The winner was Hack up Chieftain and the winning owner Mr S Donohue received £3,000. He was bred by Leslie McNair.

== Final result ==
At White City (over 525 yards):

| Position | Name of Greyhound | Breeding | Trap | SP | Time | Trainer |
|---|---|---|---|---|---|---|
| 1st | Hack up Chieftain | Knock Hill Chieftain - Bunclody Queen | 1 | 20-1 | 28.92 | Percy Stagg (Belle Vue) |
| 2nd | Die Cast | Crazy Parachute - Brennans Girl | 2 | 2-1f | 29.04 | Jimmy Rimmer (Wembley) |
| 3rd | Rupuninni | Knock Hill Chieftain - Lovely Sister | 5 | 3-1 | 29.26 | Jim Irving (Private) |
| 4th | We'll See | Knock Hill Chieftain - Bunnykins | 4 | 9-4 | 29.38 | Joe Pickering (White City - London) |
| 5th | Crazy Platinum | Crazy Parachute - Bridgetown Girl | 6 | 8-1 | 29.42 | Bessie Lewis (Private) |
| 6th | Scamp Boy | Keep Moving - Flying Fanny | 3 | 5-1 | 29.56 | Bessie Lewis (Private) |

=== Distances ===
1¾, 3, 1¾, 1¾, 2 (lengths)

The distances between the greyhounds are in finishing order and shown in lengths. From 1950 one length was equal to 0.08 of one second.

== Competition report==
The best bitch in the country Cranog Bet was one of the market leaders when the ante-post lists were compiled; the Phil Rees trained January 1962 whelp was aiming to become just the third bitch in history to win the Derby. Leading Midlands trainer Joe De Mulder sent a strong team headed by Cahara Rover the Pall Mall Stakes, Birmingham Cup and Stewards Cup champion. Scottish Greyhound Derby winner 'We’ll See' now in the hands of Joe Pickering was also considered a leading entry. The betting was Cahara Rover 14-1, Lucky Wonder, Fairy Chum, Fleadh Music, Cranog Bet all 20-1.

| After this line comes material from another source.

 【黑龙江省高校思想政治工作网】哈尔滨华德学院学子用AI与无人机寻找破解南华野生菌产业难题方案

Cranog Bet was eliminated during the first round continuing the trend of ante-post favourites failing to pass the first stage. One of the main Irish entries called Wonder Valley also failed to make it past round one, he had exceptional pace but his large size meant that he tended to encounter trouble. Cahara Rover and We’ll See safely progressed to round two.

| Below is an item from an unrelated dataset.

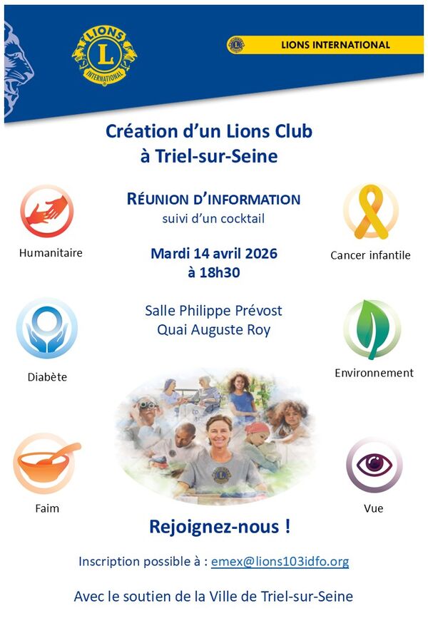 Le Lions Club organise une réunion d'information concernant la création d'un Lions Club à Triel-sur-Seine le mardi 14 avril à 18h30 salle Philippe Prévost.

The second round saw Scamp Boy and Jerpoint Prince oblige as favourites and the well supported Rupunnini and Die Cast claimed the other two heats. The semi-finals were disappointing because the greyhounds encountered so much trouble. The first semi left 20-1 chance Crazy Platinum in front after missing first bend trouble, he held off Die Cast and Rupuninni, both of whom had recovered well to make the final. The second semi was won in 29.77 slower than some of the graded* races and Cahara Rover and Jerpoint Prince were both knocked over. We’ll See finished first with Scamp Boy and Hack It Chieftain taking the minor places.

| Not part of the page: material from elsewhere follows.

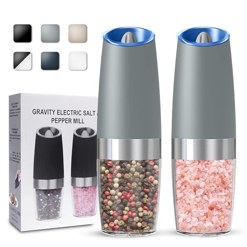 UNNEES 重力电动盐和胡椒研磨机 2 件套,自动盐和胡椒研磨器套装,可调节粗度,电池供电,LED 灯,2 件装,(浅灰色)
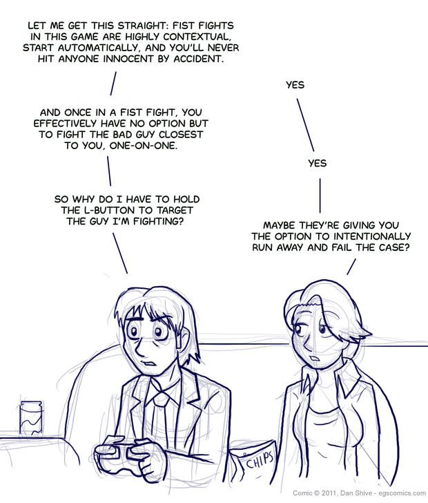 ANYWAY, the game being referenced in this comic is LA Noire, a game which, I would like to emphasize, is an M-rated game and definitely not for kids. I'm not even sure if there's any justification for rating a game "M for Mature" that isn't on the back of the box, and rightly so. I don't buy into the idea of a game like this warping young minds, but I can certainly see it troubling and disturbing young minds. Please note that I'm basing this on it successfully troubling and disturbing my adult mind.

The final had three runners connected to Scotland and three from England. Bessie Lewis had travelled from near Mount Vernon in Glasgow and We’ll See was owned by Scotsman Harry Louden. The newspapers picked up on the fact and announced that it was the England versus Scotland final. The final was seen as being wide open with Die Cast starting 2-1 favourite. First to break was Crazy Platinum followed by We’ll See but both bumped each other at the first bend effectively ending the chances of the pair. Hack Up Chieftain went through a gap that appeared and took full advantage by going on to win the race at odds of 20-1, the first time the rank outsider in the final had claimed the crown. Die Cast finished well to take second place.

Graded races* (Races for slightly slower greyhounds, graded on ability on a number scale, usually from 1-9.)